There a quite a few questions here on this algorithm but I haven't been able to find that how would it handle negative weight cycles? Suppose a router x gets update from router y that cost of y to z is 5. Later, router x gets update from router y that cost of y to z is 2 now. What does router x do? My understanding is that Bellman Ford algorithm states that error should be raised in this case. But what distance vector routing algorithm do - simply update it or raise an error or something else?

Answer 1

Not sure if I'm reading this question right. Updates from routers can specify a new cost for a path whether it be higher or lower than before.
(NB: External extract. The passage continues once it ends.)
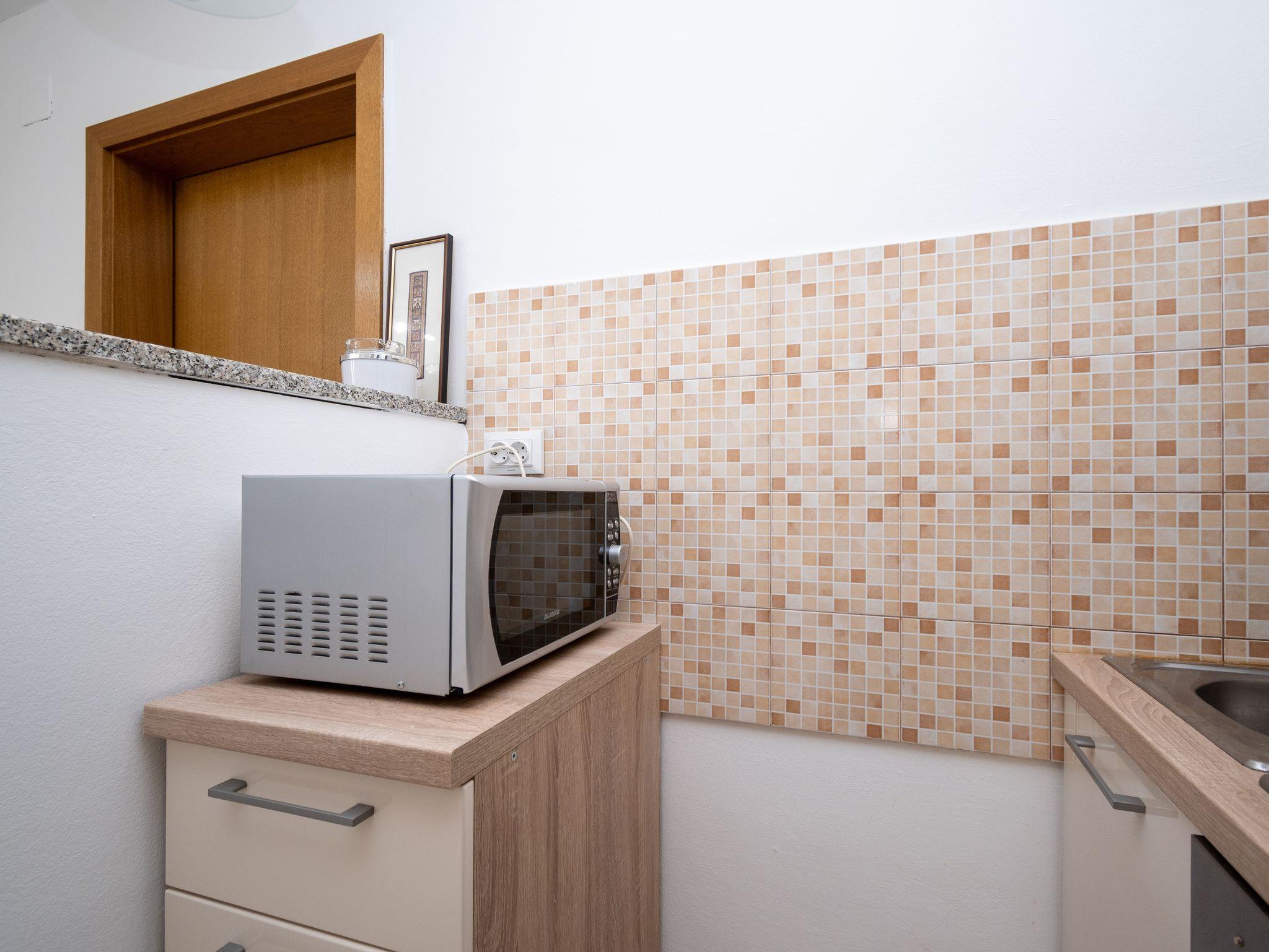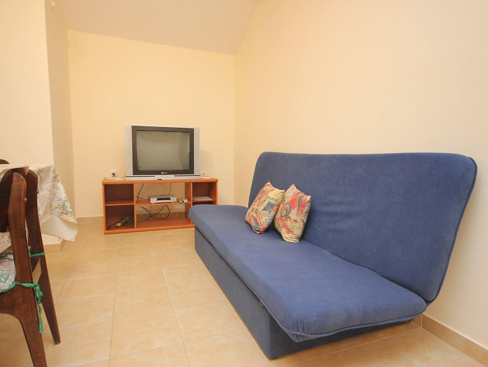 Ferienwohnung bietet Platz für 5 Gäste. Die Betten sind in Schlafzimmern, die es 2 gibt, und in Esszimmer, innerhalb einer Gesamtfläche von 52m2, angeordnet. Die Gäste haben eine eigene Terrasse zur Verfügung, auf der sie in warmen Sommernächten genießen können. Das Apartment bietet Meerblick. Es ist erlaubt, Speisen auf dem Gemeinschafts-Grill vorzubereiten. Während ihres Aufenthalts können Gäste das gemeinsam zur Nutzung stehende Schwimmbad benutzen. In der Unterkunftseinheit besteht die Möglichkeit des Mitbringens von Haustieren, und die Dienstleistung ist im Preis der Unterkunft enthalten. In der gebuchten Unterkunftseinheit zahlt man am Ort ein Depositum ( der Preis ist an der Internetseite angeführt ). IM PREIS INBEGRIFFEN: Kurtaxe, Endreinigung, Klimatisierung, Pool, Parkplatz, Internet, Wäschewaschen, Haustiere, Fahrrad, Kinderbett, Bügeleisen, Bügelbrett, Föhn. VERBINDLICHE ZUSÄTZLICHE KOSTEN: Kaution (200,00 € Einmalzahlung), Aufzahlung für Kurzaufenthalte (prozentualer Zuschlag pro Nächtigungsanzahl: 30% - 1, 20% - 2, 10% - 3). Die Verfügbarkeit zusätzlicher Dienstleistungen in Ihrem reservierten Termin und die Preise derselben (falls nicht aufgeführt) müssen im Voraus überprüft werden. Zusätzliche Dienstleistungen die in der Zahlungsaufforderung nicht aufgeführt sind werden direkt beim Vermieter bezahlt, angenommen der Gast nutzt auch diese. Ermäßigung auf den Grundpreis: Gratistag 21=19 (bei einem Aufenthalt von 21 Tagen oder mehr erhalten Sie 2 Gratistage für den Aufenthalt bis 31.12.26).

If x gets an update from y for a path to z with cost of 2 (originally 5), then x should simply update its forwarding table with the new cost path and use this path to get to z if it is the least cost path.

Answer 2

You have a conflict between the lower cost of bellman-Ford Algortihm and the next hop update of the link cost , the first can be done between two or more different interfaces to get the cheaper cost ,for exemple:

**Case 1:**Router A has 3 neighbors N1,N2,N3, and N1,N2,N3 have X as a neighbor

|---2----N1-----4----|
A`--4----N2-----3----X
|---1----N3-----2----|

For the router A we have :

 X via N1 =6 
 X via N2=7            the lowest is :**X Via N3=3**
 X Via N3=3

-Here A will choose X via N3(between N1,N2,N3) because it is the lowest one Case 2: if the link cost between (X-N3=2) have been changed to (X-N3=8)we suppose due to a configuration of the link (even 8 is more than 2 but it is an obligation ),N3 should inform A about that and A must update the cost from (X Via N3=3) to (X Via N3=9) , hence we return to case (1) : choose the lowest cost that will be via N1

     X via N1 =6 
     X via N2=7            ****the lowest is :**X Via N1=6******
     X Via N3=9